Over the years of working in pressure-cooker situations like as a newspaper editor with daily deadlines, I quickly learned the value of a simple to-do list.
I’m writing this post because I want to share this with our team at iThemes, but also to those outside of our circle. This is not rocket science. It’s things you’ve heard over and over about simple task management …
BUT … if you don’t have a to-do list going … today is the day to GET ONE.
Some more background to the post: I exhaust our team sometimes because I’ll throw something onto their plate, thinking in my mind that they’ll put it on their own super, simple, silly stupid to-do list and get to it when they can. But I think many times they feel their load getting heavier and heavier when in fact, I am trusting them to prioritize it themselves (unless I’ve given them my preference).
Anyway, during the course of a day, I’ll put a ton of tasks on my own list, prioritizing them according to relevance and temperature of the heat coming off the fire they might represent (aka by priority).
So when it comes to getting tasks done, I’m a juggler and a firefighter. I know it’s not realistic to think everyone operates the way I do, but I do have the same expectations my boss in college did after she riped me left, right, up and down for asking too many questions about projects.
She told me to … Be Self Directed. Manage Your Own Time. And Take Initiative.

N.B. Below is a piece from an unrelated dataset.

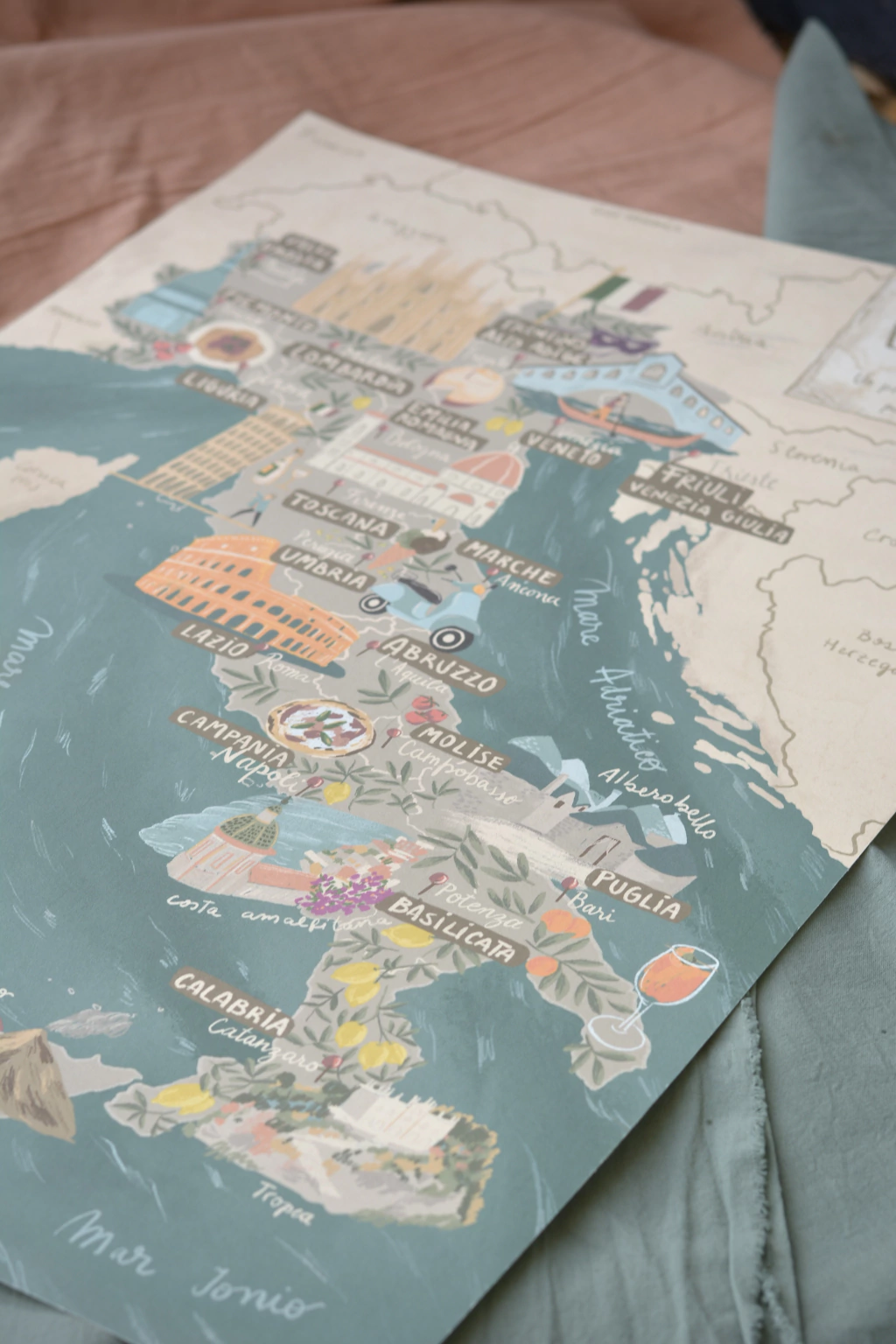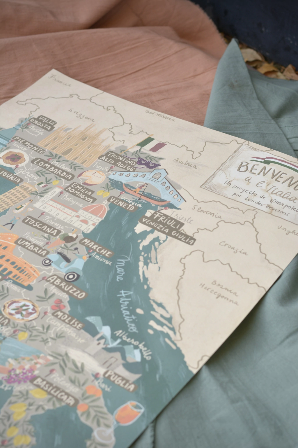 Italia es un país bellissimo. Empezando por su historia plasmada en obras arquitectónicas emocionantes, seguido por su gastronomía espectacular, sin dejar pasar las bellezas naturales. ¡Ojalá este mapa te abra el apetito de conocerlo un poco más!¨

I took it and ran with it … and honestly, it’s been freeing to me.
If she had allowed me to ask her every stupid question about the projects she entrusted me with, they and I would have toiled in mediocrity. Instead, I took her words to heart and took the initiative, owned those projects, and got invaluable experience, exposure and opportunities out of my time there.
Wow, what a tangent to get to my thoughts about simple to-do lists!
OK, here are my thoughts on how I juggle all the various tasks I have going on in any given day…
- Keep it simple – I use a text editor (TextEdit on the Mac; Notepad on the PC) and put all my important tasks there, plus important information (like copy and paste stuff I do all the time, links to important sites, and yes, even our office’s mailing address). I don’t use fancy but cool online software for this. It’s not pretty. It’s just simple text in a simple window.
- Shuffle tasks according to priority – I record each task I need to do (or am assigned) and reorder them on my list according to priority as I go throughout the day. Shuffling them helps me knock off tasks easier. Often, I’ll do the ones I can erase fast.
- Put quick descriptions next to them – I keep it brief, but if I might forget the context of the to-do item later, I remind myself what it’s about in short fashion; sometimes I’ll even put quick indents underneath one main item to separate out sub-tasks.
- Record Wish List tasks below priority ones – There are always long-term projects that will take WAY too much time to do and frankly, aren’t a priority. I have my long-term wish list segregated from my “on fire” tasks. Most of them won’t ever get done. In fact today I was looking at them and loathing them … procrastination is good sometimes. They are at the bottom for a reason.
There you go. Many of you will violently disagree with my method. Good for you, I want to hear from you!
But everyone’s different, and I do know that many people don’t even have a list … so start somewhere simple and refine it later.